Cluster Component Availability Description #

Name	Architecture	Backend	Security Description
Monitoring Center	stand-alone	Prometheus	Manual handling in case of failure
Monitoring Plugin	stand-alone		Manual handling in case of failure
Governance Center	Cluster	ZooKepper	Automatic switch in case of failure
Log Center	Cluster	Elasticsearch+logstash	Automatic switch in case of failure
Filebeat	stand-alone		Manual handling in case of failure
Computing Node	stand-alone	Engine-Proxy	Automatic offline in case of failure, no need to switch
Storage Node	User deployment environment	User deployment environment	User deployment environment

ZooKeeper Cluster Unavailability (More than half of the nodes are unavailable) #

SQL	SQL Language	Engine Cluster Availability Description
User SQL	DQL	Available
	DML	Available
	DDL	Unavailable
	DCL	Unsupported
	TCL	Unsupported
DistSQL	RQL	Available(reads data from the node’s memory, unavailable after restart)
	RDL	Unavailable
	RAL	Unavailable
	RUL	Unavailable

Classification of SQL Language #

SQL (Structure Query Language) is divided into four main categories: Data Query Language (DQL), Data Manipulation Language (DML), Data Definition Language (DDL), and Data Control Language (DCL). Additionally, Transaction Control Language (TCL) is used to control transactions within a database.

Overview of DQL

DQL(Data Query Language)数据查询语言，数据检索语句，用于从表中获取数据。关键字有：select。

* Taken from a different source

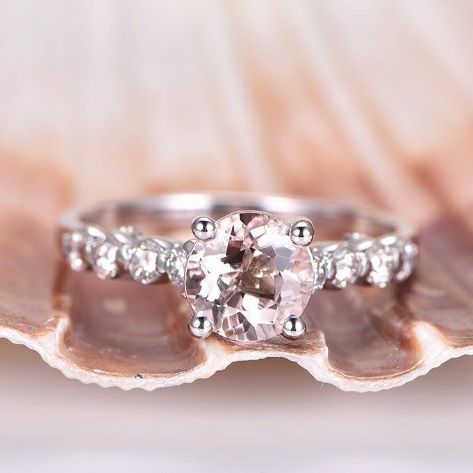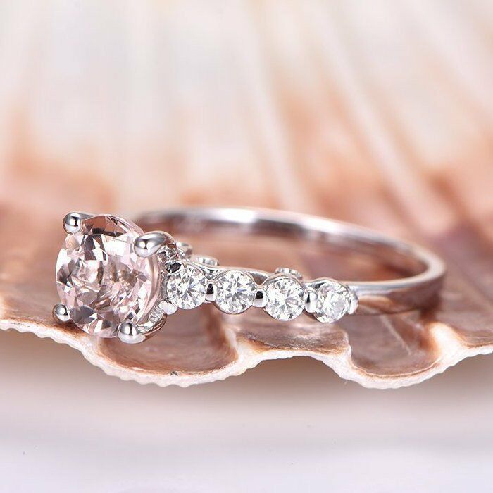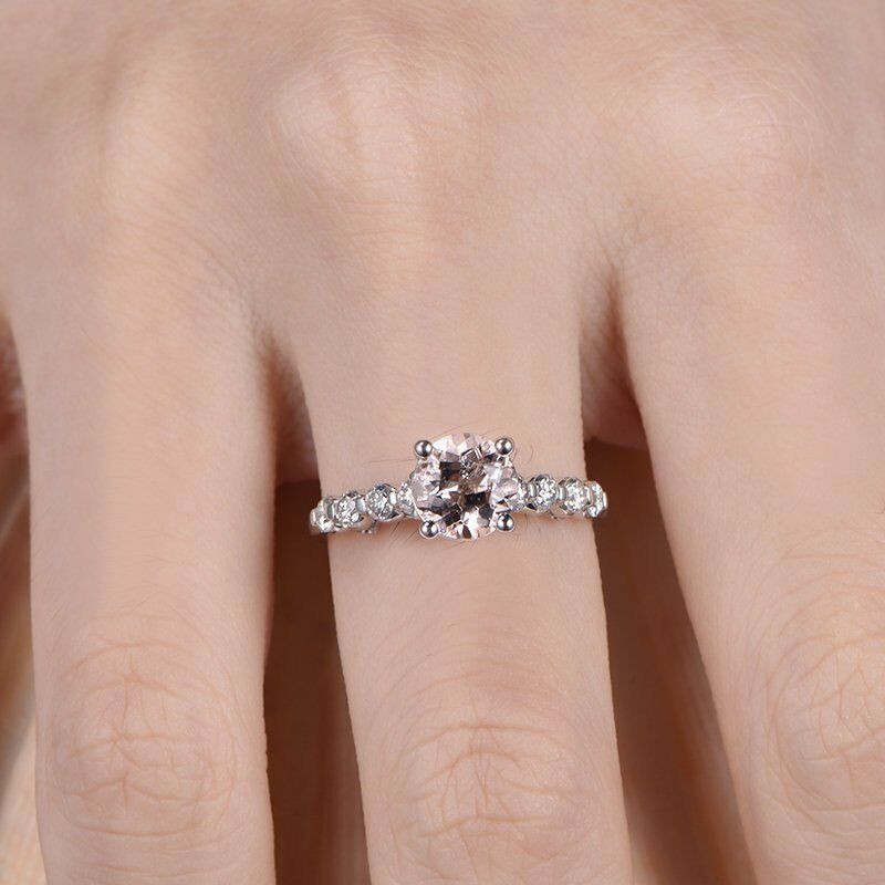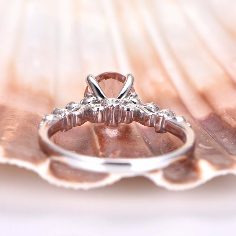 1.2ct Round Cut Peach Morganite Solitaire Engagement Ring 14k White Gold Finish

DQL (Data Query Language) is a data retrieval language used to retrieve data from tables. The keyword is select.
select: used to query data from a table. 2. Overview of DML
DML (Data Manipulation Language) is used to manipulate data (records) contained within a database object. The main keywords are update, delete, and insert. DML can manually control the opening, committing, and rolling back of transactions.
insert: used to insert a record into a table.
delete: used to delete one or more records from a table, or all records, but the object of the operation is still a record.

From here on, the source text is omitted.